• **Required action**
Your task is to retype, word for word, the lines from the start of the data through the line holding "유성구의 새로운 랜드마크, 유성구". Do not include the pictures.

• **Information provided**
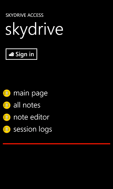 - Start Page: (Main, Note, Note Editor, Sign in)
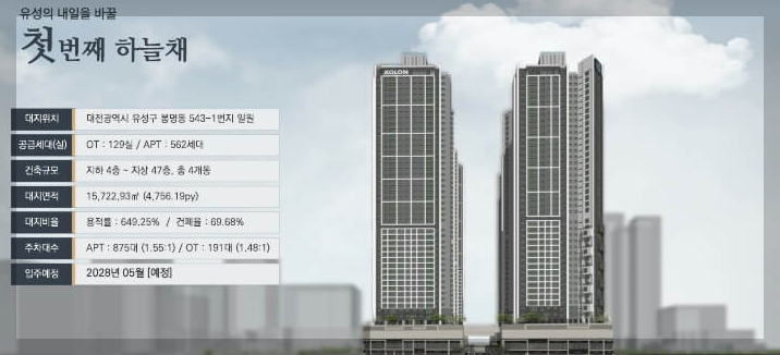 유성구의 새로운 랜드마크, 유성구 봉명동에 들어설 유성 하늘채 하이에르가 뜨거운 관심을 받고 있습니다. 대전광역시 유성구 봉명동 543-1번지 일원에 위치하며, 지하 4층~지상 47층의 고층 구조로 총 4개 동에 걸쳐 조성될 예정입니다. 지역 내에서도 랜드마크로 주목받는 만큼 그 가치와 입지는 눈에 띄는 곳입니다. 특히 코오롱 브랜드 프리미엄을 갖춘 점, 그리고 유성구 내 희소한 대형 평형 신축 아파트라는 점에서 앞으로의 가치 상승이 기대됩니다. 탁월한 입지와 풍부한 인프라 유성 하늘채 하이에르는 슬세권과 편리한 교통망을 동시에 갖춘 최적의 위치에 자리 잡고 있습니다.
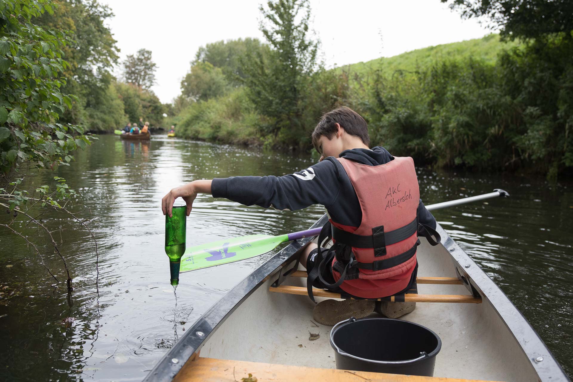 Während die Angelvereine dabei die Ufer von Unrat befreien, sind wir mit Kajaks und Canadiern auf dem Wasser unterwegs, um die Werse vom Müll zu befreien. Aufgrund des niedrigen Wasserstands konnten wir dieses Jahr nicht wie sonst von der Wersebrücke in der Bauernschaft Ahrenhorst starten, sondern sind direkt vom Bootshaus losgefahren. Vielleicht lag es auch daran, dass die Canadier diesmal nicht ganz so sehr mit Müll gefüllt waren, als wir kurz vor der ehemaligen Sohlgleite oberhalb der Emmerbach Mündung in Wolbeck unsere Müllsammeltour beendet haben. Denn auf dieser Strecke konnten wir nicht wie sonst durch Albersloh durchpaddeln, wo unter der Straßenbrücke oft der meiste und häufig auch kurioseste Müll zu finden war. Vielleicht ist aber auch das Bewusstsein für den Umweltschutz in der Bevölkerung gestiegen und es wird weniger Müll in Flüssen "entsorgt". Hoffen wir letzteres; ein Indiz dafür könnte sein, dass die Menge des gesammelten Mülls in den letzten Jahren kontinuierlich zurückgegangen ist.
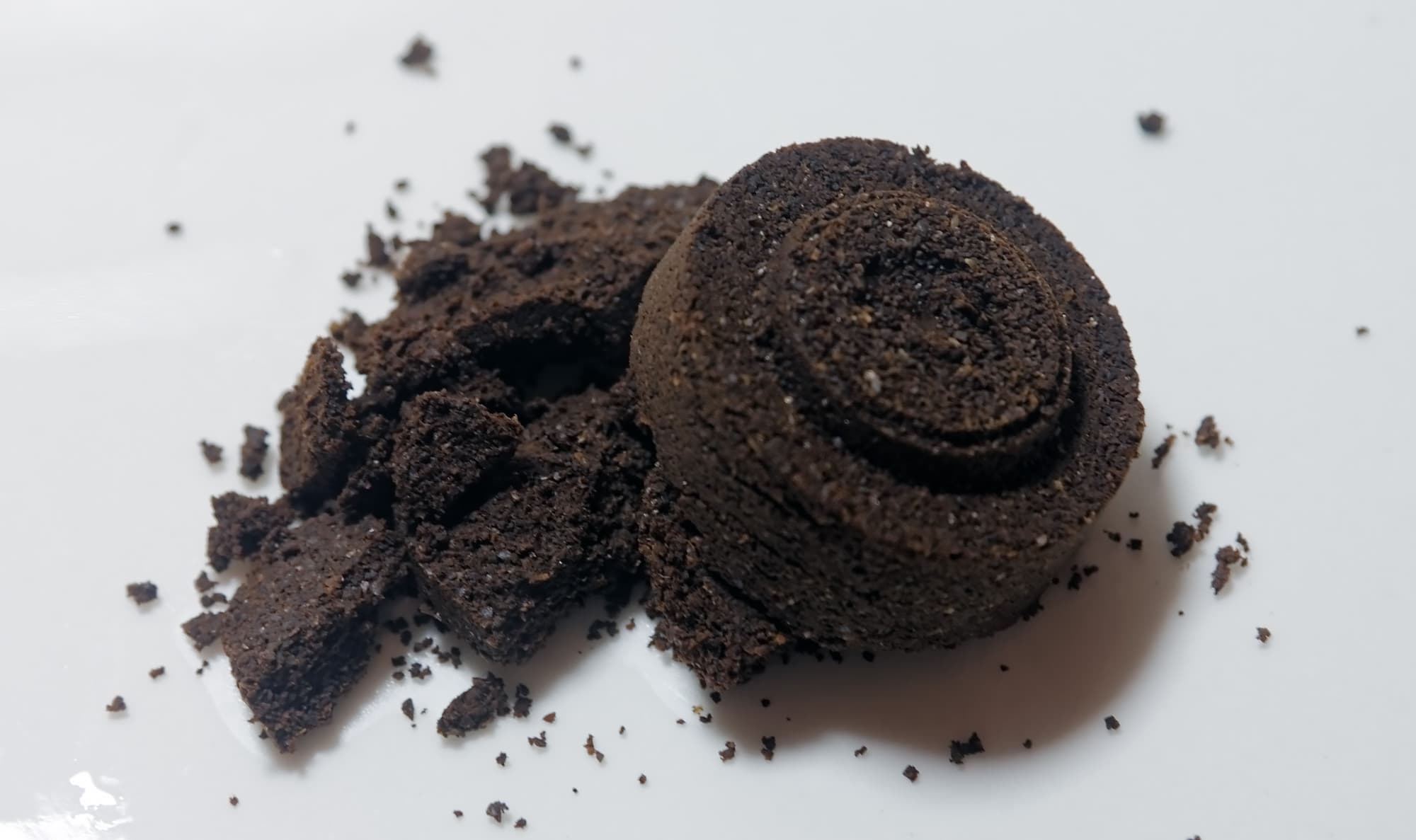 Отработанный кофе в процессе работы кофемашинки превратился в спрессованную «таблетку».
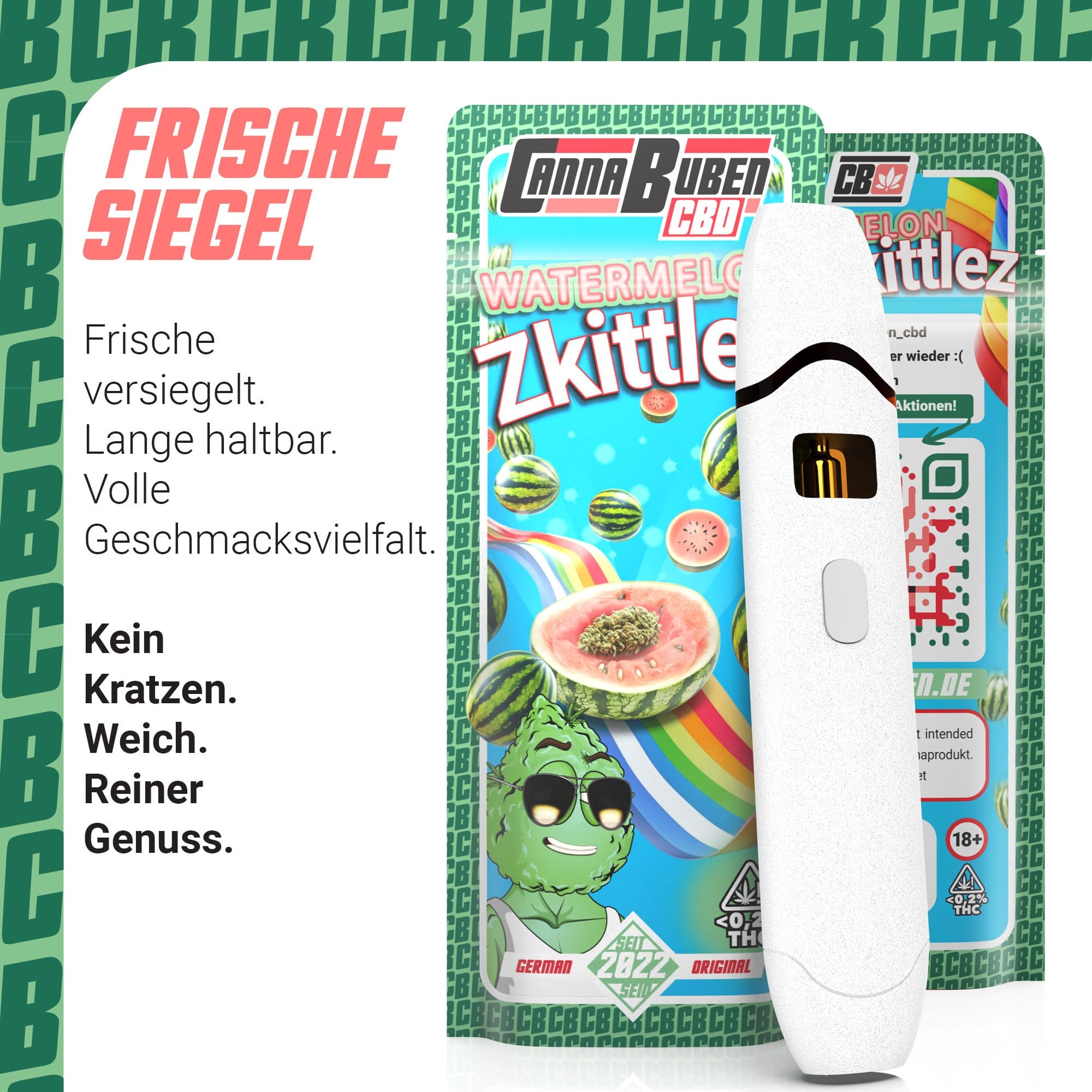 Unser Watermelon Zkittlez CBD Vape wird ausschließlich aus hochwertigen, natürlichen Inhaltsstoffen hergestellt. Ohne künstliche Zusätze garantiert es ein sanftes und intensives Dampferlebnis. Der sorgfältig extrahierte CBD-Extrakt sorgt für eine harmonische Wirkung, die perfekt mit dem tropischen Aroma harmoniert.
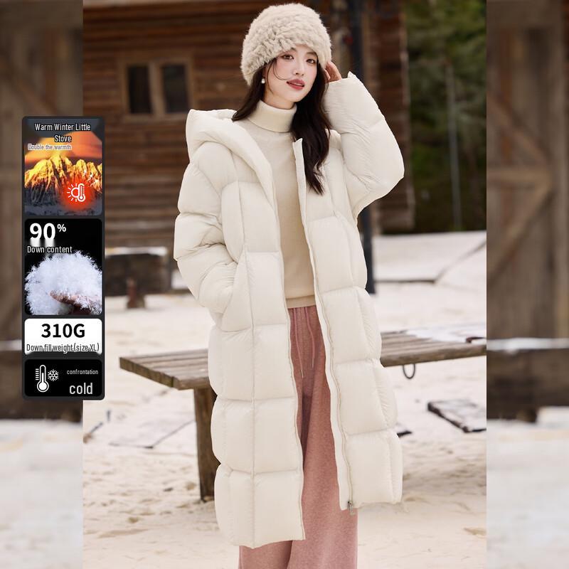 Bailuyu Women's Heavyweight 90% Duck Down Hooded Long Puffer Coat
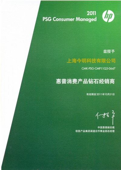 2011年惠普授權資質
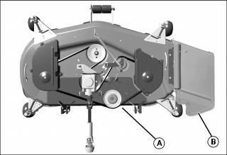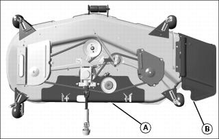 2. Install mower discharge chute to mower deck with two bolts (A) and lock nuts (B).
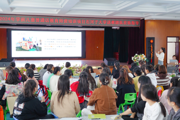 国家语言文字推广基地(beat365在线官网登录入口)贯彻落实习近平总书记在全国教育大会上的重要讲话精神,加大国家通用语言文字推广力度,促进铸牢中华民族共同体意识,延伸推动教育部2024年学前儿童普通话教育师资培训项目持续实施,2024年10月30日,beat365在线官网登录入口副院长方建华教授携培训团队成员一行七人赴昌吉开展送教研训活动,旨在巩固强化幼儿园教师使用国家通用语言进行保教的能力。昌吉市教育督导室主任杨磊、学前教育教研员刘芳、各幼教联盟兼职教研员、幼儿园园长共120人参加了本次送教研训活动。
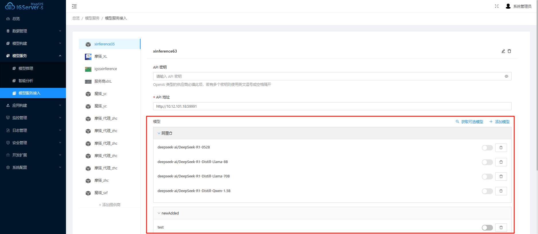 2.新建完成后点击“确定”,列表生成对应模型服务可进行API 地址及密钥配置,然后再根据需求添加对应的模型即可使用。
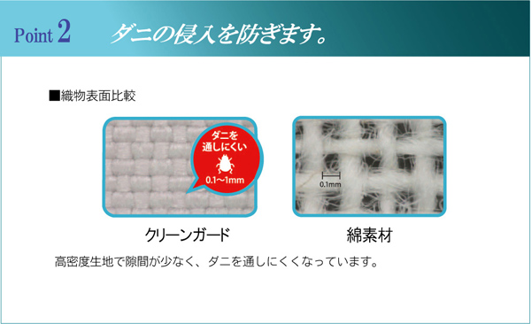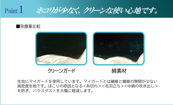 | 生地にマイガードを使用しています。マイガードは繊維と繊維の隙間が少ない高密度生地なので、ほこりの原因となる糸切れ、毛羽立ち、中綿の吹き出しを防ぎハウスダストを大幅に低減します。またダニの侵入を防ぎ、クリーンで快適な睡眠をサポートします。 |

• **Written response**
 - Start Page: (Main, Note, Note Editor, Sign in)
 유성구의 새로운 랜드마크, 유성구 봉명동에 들어설 유성 하늘채 하이에르가 뜨거운 관심을 받고 있습니다. 대전광역시 유성구 봉명동 543-1번지 일원에 위치하며, 지하 4층~지상 47층의 고층 구조로 총 4개 동에 걸쳐 조성될 예정입니다. 지역 내에서도 랜드마크로 주목받는 만큼 그 가치와 입지는 눈에 띄는 곳입니다. 특히 코오롱 브랜드 프리미엄을 갖춘 점, 그리고 유성구 내 희소한 대형 평형 신축 아파트라는 점에서 앞으로의 가치 상승이 기대됩니다. 탁월한 입지와 풍부한 인프라 유성 하늘채 하이에르는 슬세권과 편리한 교통망을 동시에 갖춘 최적의 위치에 자리 잡고 있습니다.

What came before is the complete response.